Ben Kumar, Investment Manager, Seven Investment Management
The UK Budget is usually as much a political statement as it is a fiscal one. Given the current state of UK politics, Philip Hammond might have preferred to focus on the economics. However, unfortunately there doesn’t seem to be much wiggle room in that area either. There has been a lot of talk about businesses struggling to plan in the face of Brexit uncertainty, and today’s statement showed that the Treasury is facing the same problem.
We’ve seen over the past months that any good news on the economy – such as yesterday’s stellar manufacturing new orders figure – is accompanied by a qualifying statement on how unclear the future is. The Office for Budget Responsibility’s (OBR) forecasts are certainly gloomy, with all years revised downwards and nothing higher than 1.5% GDP growth predicted out to 2021.
The more interesting thing is a statement from the OBR pointing out how little it has to go on: “Given the uncertainty regarding how the Government will respond to the choices and tradeoffs it faces during the negotiations, we still have no meaningful basis on which to form a judgement as to their final outcome and upon which we can then condition our forecast.” Pretty strong words! It seems most likely that in the face of the ambiguity generated by Brexit, the OBR and the Chancellor have erred heavily on the side of caution, accepting that the biggest influence on the UK economy over the next few years is not going to be fiscal policy.

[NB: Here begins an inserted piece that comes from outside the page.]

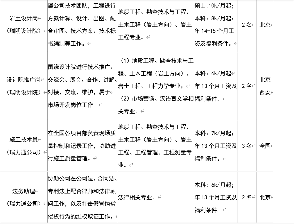(二)招聘需求:

As ever, the Treasury have a decent summary of the main points here https://www.gov.uk/government/news/autumn-budget-2017-25-things-you-need-to-know, and we make a few comments on some highlights below:
- Setting aside £3 billion for Brexit preparations. This is a good political headline, it placates members of Hammond’s own party, and should reassure the country that there is someone in charge making preparations. It would be nice to see more detail on how that money might be spent – £3 billion is a lot of money – and there would be pretty limited support if the bulk of it ends up in the pockets of think tanks and consultants.

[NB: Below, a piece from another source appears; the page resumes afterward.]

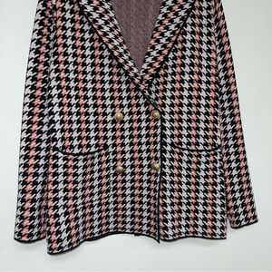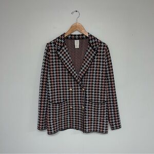 Joie Blazer Women’s Size Small Black Grey Houndstooth Knit Gold Double-Breasted

- Stamp Duty abolished for first time buyers. Largely leaked before the budget, this will be a popular policy in the short term, with no one explicitly losing out from the change. With average stamp duty coming in at around 10% of median annual earnings (33% in London!), the problem was plain to see. The Treasury will have a hole to fill as stamp duty brings in over £8 billion a year in revenue, but the hope is that if the housing market gets going again, receipts from higher up the chain will increase.
- 300,000 new homes built a year. This attempt to address the long term supply issue for residential property is a decent proposal – but we have heard such promises before. Convincing housebuilders to move away from building expensive properties in desirable areas is a long, drawn out process. Increased funding for infrastructure and changes to the planning and approvals system will be welcomed, but are unlikely to provide an instant impact. Property will continue to be an issue for governments for years to come.
- Investing in technology. This budget placed heavy emphasis on the government’s aspirations for Britain’s technology sector to become a world leader. We saw recognition that there is a lack of the basic infrastructure necessary to do so – whether broadband, 4G, electric vehicle charging or simply accessing the funds needed to start a business. This type of longer term thinking, trying to promote and protect the growth industries of the future, is to be welcomed.
All in all, the budget didn’t really represent much of a change of direction. Some pieces were moved around the chequerboard, but the Chancellor certainly didn’t propose to start a whole new game.